### Work instructions
Each line below from the "Inspired by the" line through the "Израиль. Первый дивизион" line, those two included, must be restated word for word; the pictures must not be.

======== Records to use ========

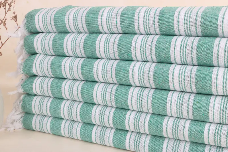 Gestreiftes Strandtuch aus Bio-Baumwolle, Beige, 40 x 71 Zoll
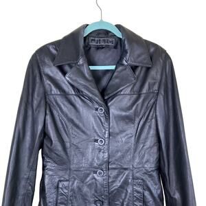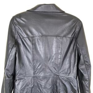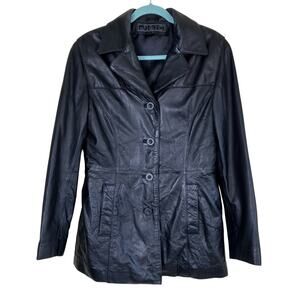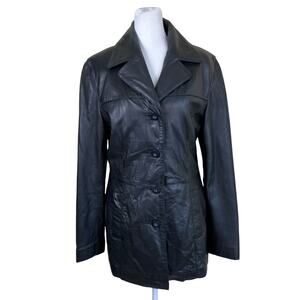 Vintage JLC Sz M Women’s Black Genuine Leather Button Up Jacket Driving Coat
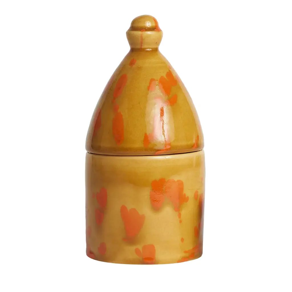 Inspired by the traditional houses found in Apulia's Itria Valley, this stupendous candle holder boasts a sinuous, distinctive silhouette handmade of caramel and orange-painted ceramic. Completed with a handmade soy wax candle with an orange and caramel scent. Available in other colors, this piece comes in recycled cardboard and a rough linen box.
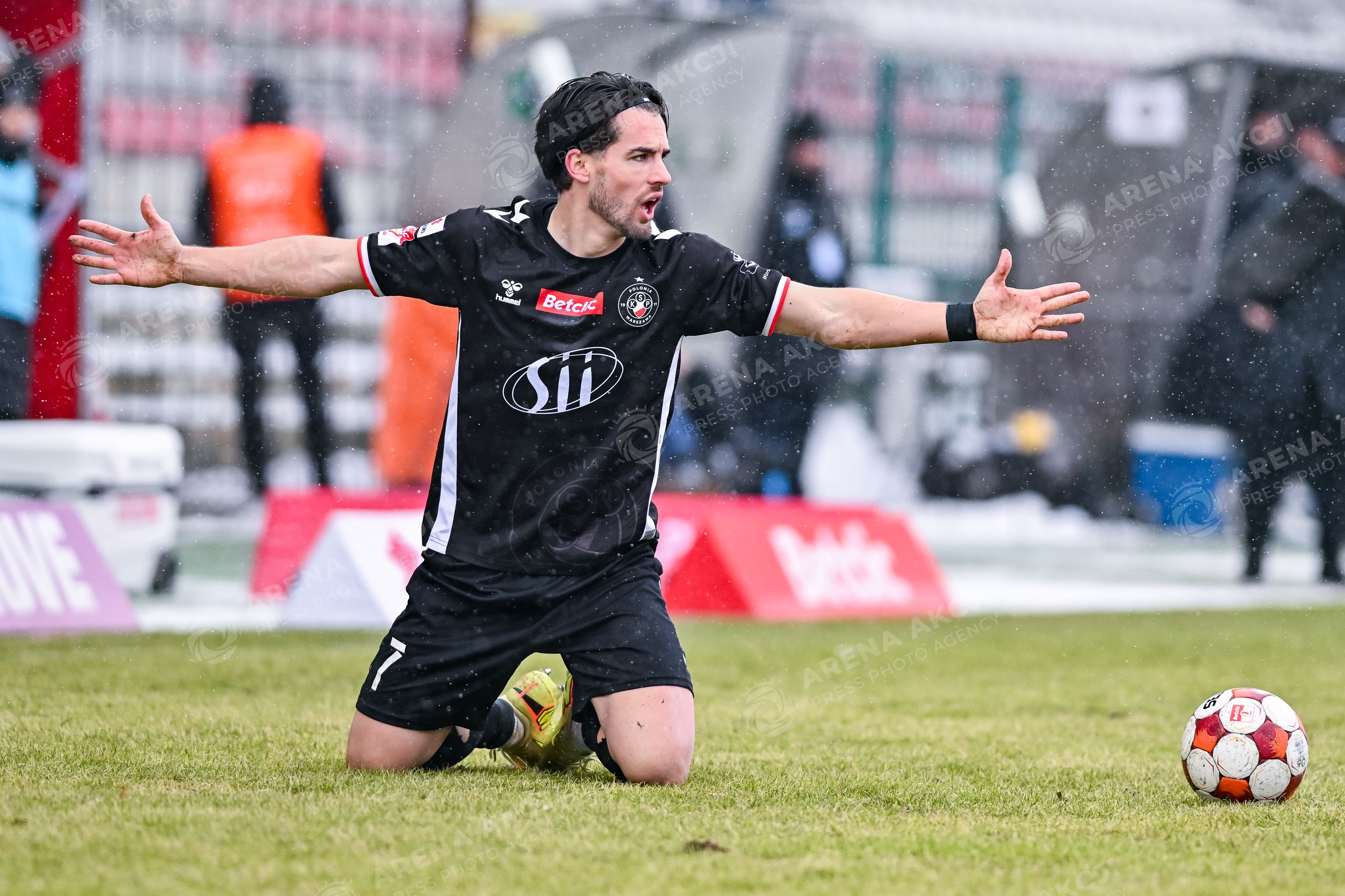 Warszawa 08.02.2026. Pilka nozna Betclic I Liga sezon 2025/2026 kolejka 20 mecz: Polonia Warszawa - Stal Mielec --- Football Betclic I League season 2025/2026 round 20 match: Polonia Warsaw - Stal Mielec nz DANI VEGA SYLWETKA ZLOSC SMUTEK PLACZ EMOCJE Fot. Igor Jakubowski / Arena Akcji
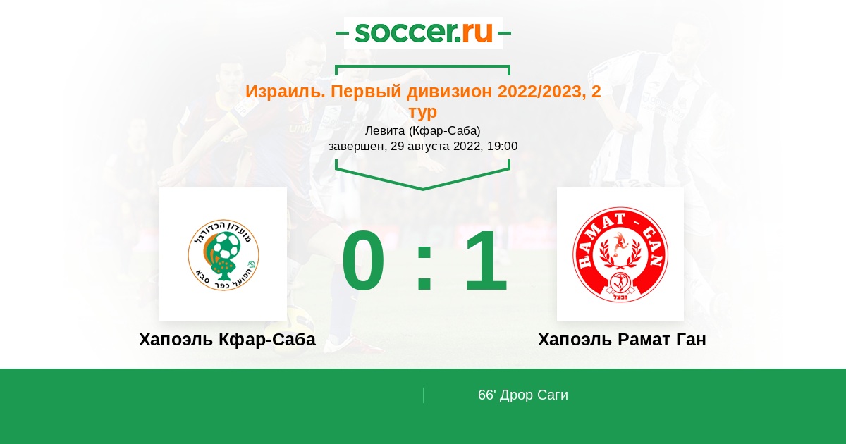 Израиль. Первый дивизион 18.08.2017 Хапоэль Рамат Ган Логотип футбольный клуб Хапоэль Рамат Ган 0:2 Логотип футбольный клуб Хапоэль Кфар-Саба Хапоэль Кфар-Саба
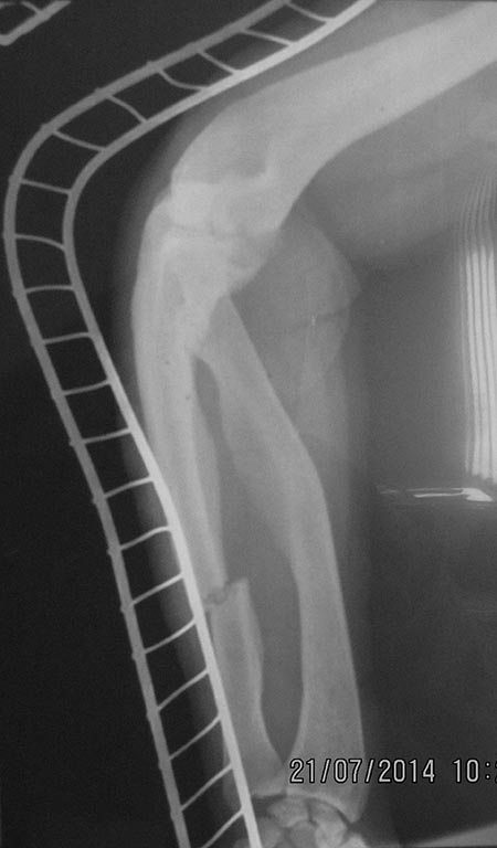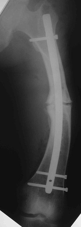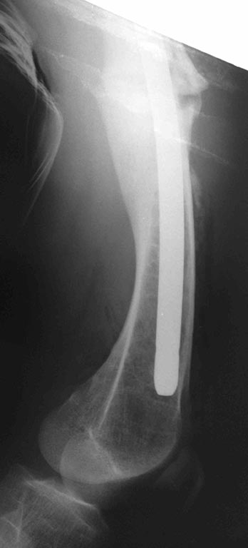 Посмотрите, подойдёт ли туда по размеру гвоздь от большой берцовой кости или от плеча. Они покороче и могут подойти, так как канал у пациента короткий и широкий. Гвоздь будет тонким, по сравнению с его каналом, но этого будет достаточно для стабилизации. Если есть машина Midas Rex с насадками для резки железа, то можно и обычный гвоздьь для бедреной кости подрезать и просверлить в нём дырку дистально.

========

### Reply to the task
 Inspired by the traditional houses found in Apulia's Itria Valley, this stupendous candle holder boasts a sinuous, distinctive silhouette handmade of caramel and orange-painted ceramic. Completed with a handmade soy wax candle with an orange and caramel scent. Available in other colors, this piece comes in recycled cardboard and a rough linen box.
 Warszawa 08.02.2026. Pilka nozna Betclic I Liga sezon 2025/2026 kolejka 20 mecz: Polonia Warszawa - Stal Mielec --- Football Betclic I League season 2025/2026 round 20 match: Polonia Warsaw - Stal Mielec nz DANI VEGA SYLWETKA ZLOSC SMUTEK PLACZ EMOCJE Fot. Igor Jakubowski / Arena Akcji
 Израиль. Первый дивизион 18.08.2017 Хапоэль Рамат Ган Логотип футбольный клуб Хапоэль Рамат Ган 0:2 Логотип футбольный клуб Хапоэль Кфар-Саба Хапоэль Кфар-Саба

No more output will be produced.